Wo im Himmel haben die Kinder bloß wieder die T-Shirts versteckt ?

Ach ja, vielleicht sollte ich uns kurz vorstellen ?

Mein Name ist Alexandra, 36 Jahre alt. Zu meiner Familie gehören mein Mann Jürgen und unsere drei Kinder Christopher (15 J.), Vanessa (13 J.) und Gillian (10 J.). Wir sind ein recht chaotischer Haufen und wie es sich für Chaoten gehört, gibt es hier immer wieder Überraschungen.

Wie auch an jenem Sonntag, an dem ich die T-Shirts suchte.

Hm, dachte ich mir… vielleicht sind die Shirts ja noch im Trockenraum?
Mit dem Kellerschlüssel bewaffnet, begab ich mich also in den Keller. Wäre ja nicht ungewöhnlich, wenn die Kinder mal wieder vergessen hätten, die Wäsche nach oben zu bringen.

Nix. Gaaaarnix befindet sich im Trockenraum. Vielleicht haben sie ja den Wäschekorb im benachbarten Fahrradkeller abgestellt ? Sie brauchen sich gar nicht zu wundern. Haarbürsten hatten sich nach mehrstündiger Suche auch schon mal im Kühlschrank wieder gefunden *grummel.
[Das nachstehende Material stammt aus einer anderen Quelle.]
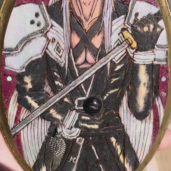 A mixed media woodburn piece of Sephiroth with the black materia.

Auch nix. Ok, versuch ich`s mal im Heizungskeller. Geht zwar nie einer rein, aber nun denn…

Stellen sie sich mein Gesicht vor, als ich im besagten Keller folgendes fand:

Einen unserer Teppiche (ausgerollt), darauf stehend ein Telefonschränkchen mit integrierter Sitzbank (dessen Sitzkissen fehlte), ein Schälchen mit irgendetwas Undefinierbarem, Wasserschale (?), Handtücher auf der Fensterbank, dem Boden (na lecker) und über dem Sitzbänkchen.

Natürlich ist keines der Kinder verfügbar, um zu erfahren was dieser Aufbau denn soll.

Ich sammle erstmal die Handtücher ein und finde, oh Wunder, in dem Kasten unter der Sitzbank auch ein schwarzes T-Shirt.

In dem Moment, als ich das Shirt hochnehmen will, wachsen ihm zwei stechend grüne Augen. Schreiend schrecke ich zurück und greife mir an die Brust.

Augen ???

Langsam schleiche ich mich an den Sitz heran und linse vorsichtig über den Rand.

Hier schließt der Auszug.